── Source information ──

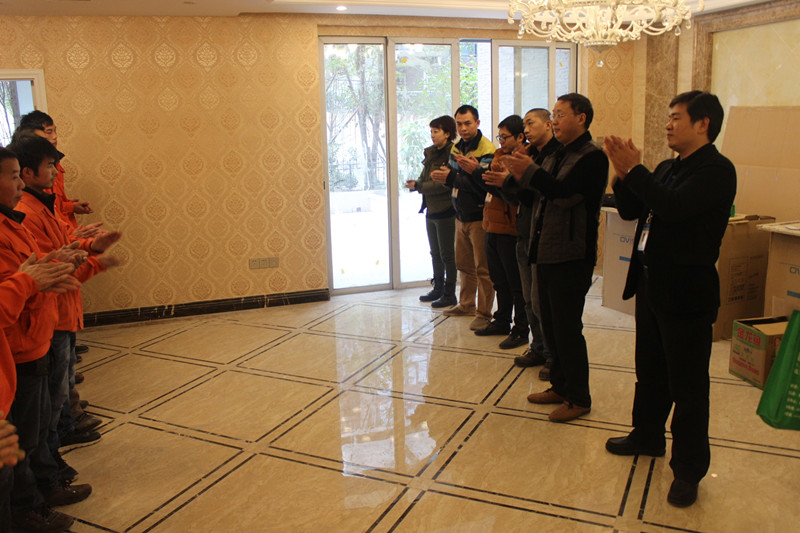 张总在会上肯定了一线员工的工作,向我们的员工表示感谢,把掌声献给我们的泥水工师傅们
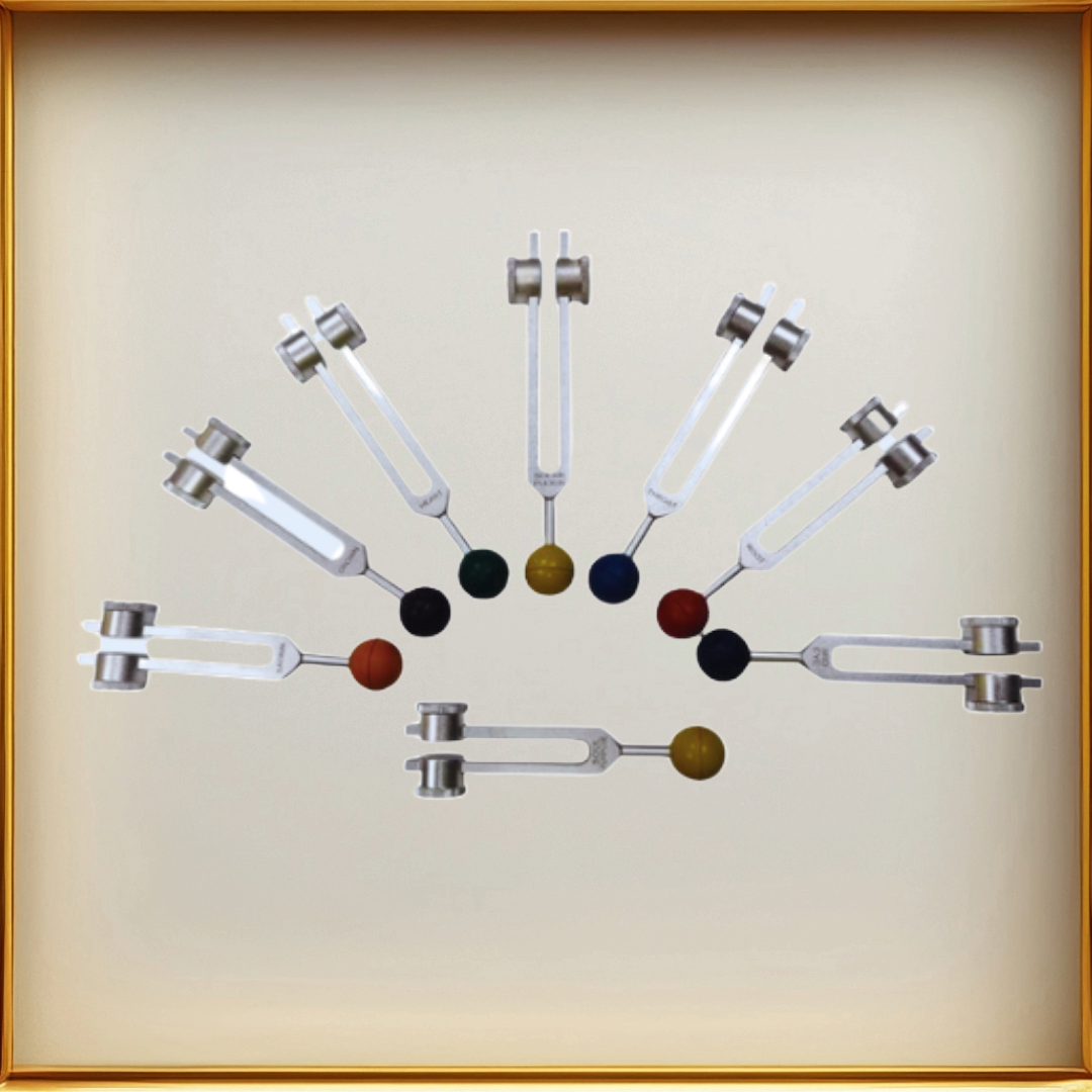 Elevate your energy and restore balance with our 9 Chakra Tuning Forks Set, carefully tuned to the frequencies that resonate with each of the body's primary energy centers. Designed for healers, meditators, and anyone on a path of holistic wellness, these tuning forks create vibrational waves that clear blockages, deepen meditation, and support physical, emotional, and spiritual well-being.
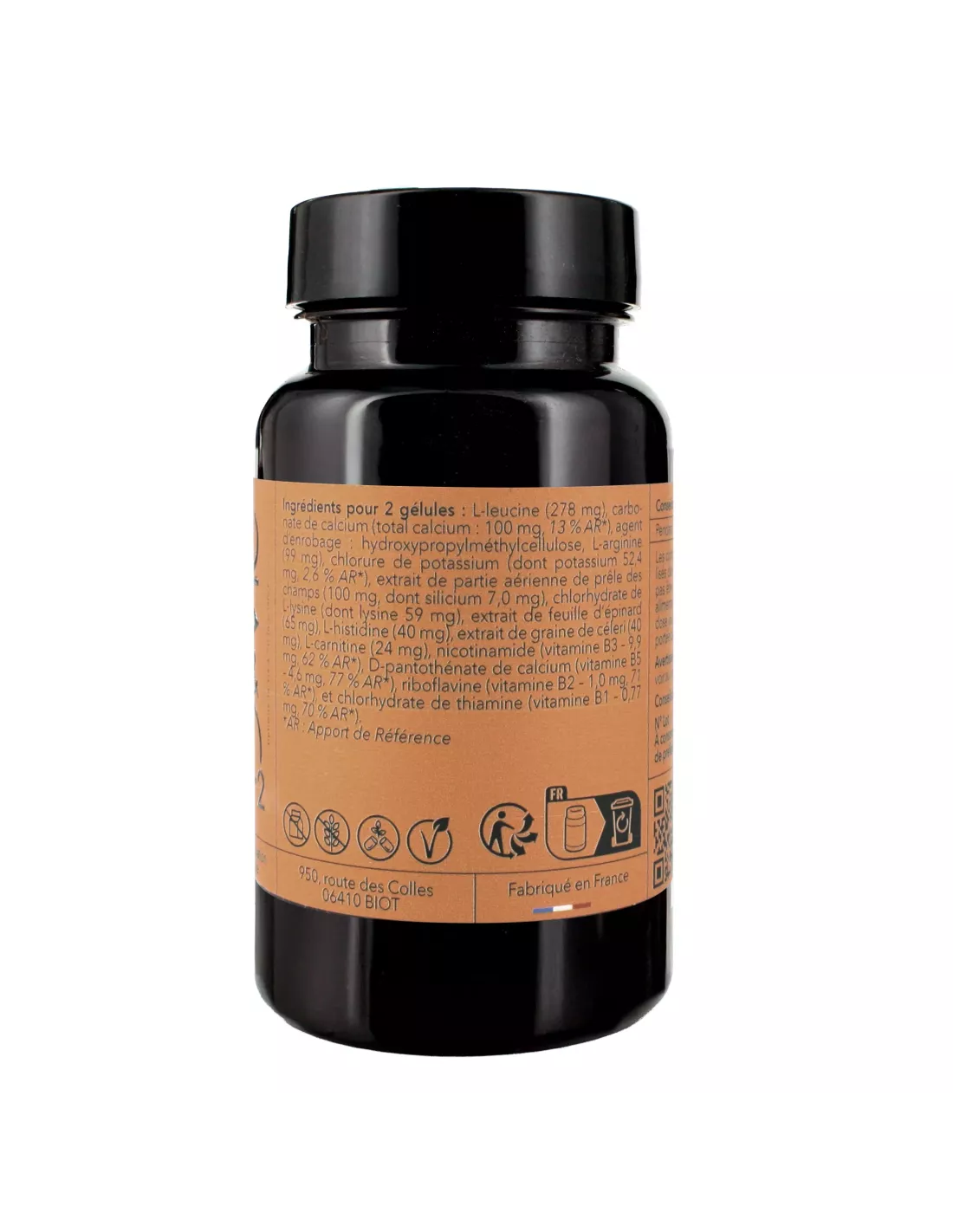 Ingrédients : Carbonate de calcium, agent d'enrobage: hydroxypropylméthylcellulose, l-arginine, chlorure de potassium, extrait de partie aérienne de prêle des champs (Equisetum arvense) dosé en silicium, extrait de feuille d'épinard (Spinacia oleracea), hydrochlorure de l-lysine, extrait de graine de céleri (Apium graveolens), l-carnitine, chlorhydrate de l-histidine, nicotinamide (vitamine B3), d-pantothénate de calcium, riboflavine (vitamine B2), chlorhydrate de thiamine (vitamine B1).Peut contenir du céleri.
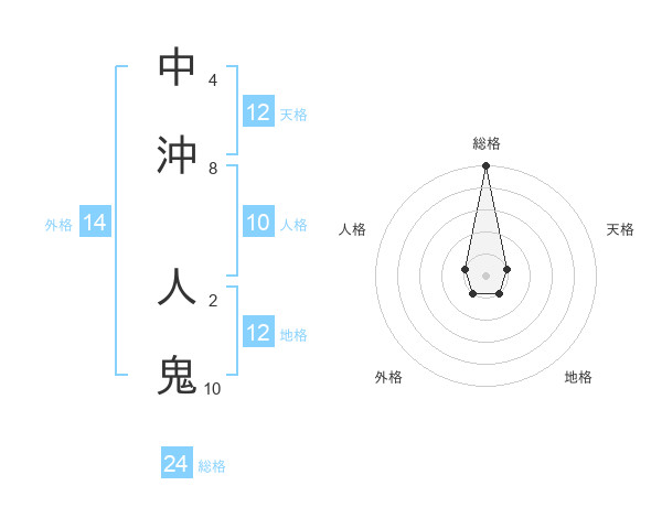 中沖 人鬼さんを姓名の画数から五運を鑑定
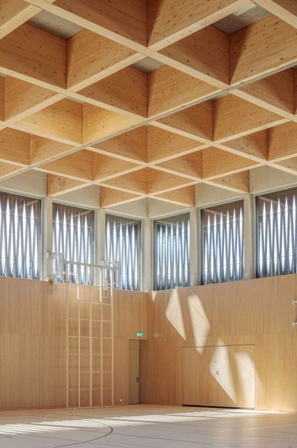 Auch im Innenausbau wird der Baustoff Holz konsequent eingesetzt. Holzfenster sowie Massivholzrahmentüren aus Lärche tragen zur Materialkontinuität bei und unterstreichen den gestalterischen Anspruch des Gebäudes. Die Kombination unterschiedlicher Holzprodukte ermöglicht eine wirtschaftliche, ressourcenschonende und gleichzeitig leistungsfähige Bauweise.
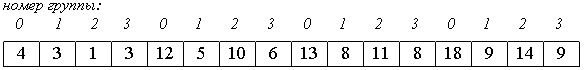 2. Потом сортируем каждую из четырех групп по 4 элемента (a[0], a[4], a[8], a[12]), ..., (a[3], a[7], a[11], a[15]).
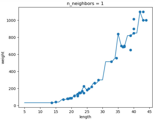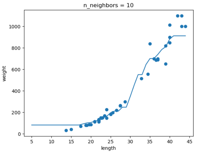 >> 이 모델이 테스트세트와 추가될 농어 데이터에도 일반화를 잘 하리라 예상
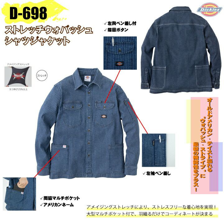 他の画像を見る ”ウォバッシュ・ストライプ”に最新の機能性をプラス! ディッキーズ デニム ジャケット Dickies D-698 ストレッチ シャツジャケット シャツ ジャンパー 作業着 作業服 コーコス信岡 オールシーズン ウォバッシュ アメリカン ストライプ 男女兼用 ユニセックス 小さいサイズ 大きいサイズ 【S-3XL】 本体価格 ¥ 5,480 税込 カートに入れる お気に入りに登録する

───

▶ **What you have to do**:
Transcribe, word for word, only the material from its opening line through the line containing "中沖 人鬼さんを姓名の画数から五運を鑑定", both ends included, and omit the pictures.

▶ **Solution below**:
 张总在会上肯定了一线员工的工作,向我们的员工表示感谢,把掌声献给我们的泥水工师傅们
 Elevate your energy and restore balance with our 9 Chakra Tuning Forks Set, carefully tuned to the frequencies that resonate with each of the body's primary energy centers. Designed for healers, meditators, and anyone on a path of holistic wellness, these tuning forks create vibrational waves that clear blockages, deepen meditation, and support physical, emotional, and spiritual well-being.
 Ingrédients : Carbonate de calcium, agent d'enrobage: hydroxypropylméthylcellulose, l-arginine, chlorure de potassium, extrait de partie aérienne de prêle des champs (Equisetum arvense) dosé en silicium, extrait de feuille d'épinard (Spinacia oleracea), hydrochlorure de l-lysine, extrait de graine de céleri (Apium graveolens), l-carnitine, chlorhydrate de l-histidine, nicotinamide (vitamine B3), d-pantothénate de calcium, riboflavine (vitamine B2), chlorhydrate de thiamine (vitamine B1).Peut contenir du céleri.
 中沖 人鬼さんを姓名の画数から五運を鑑定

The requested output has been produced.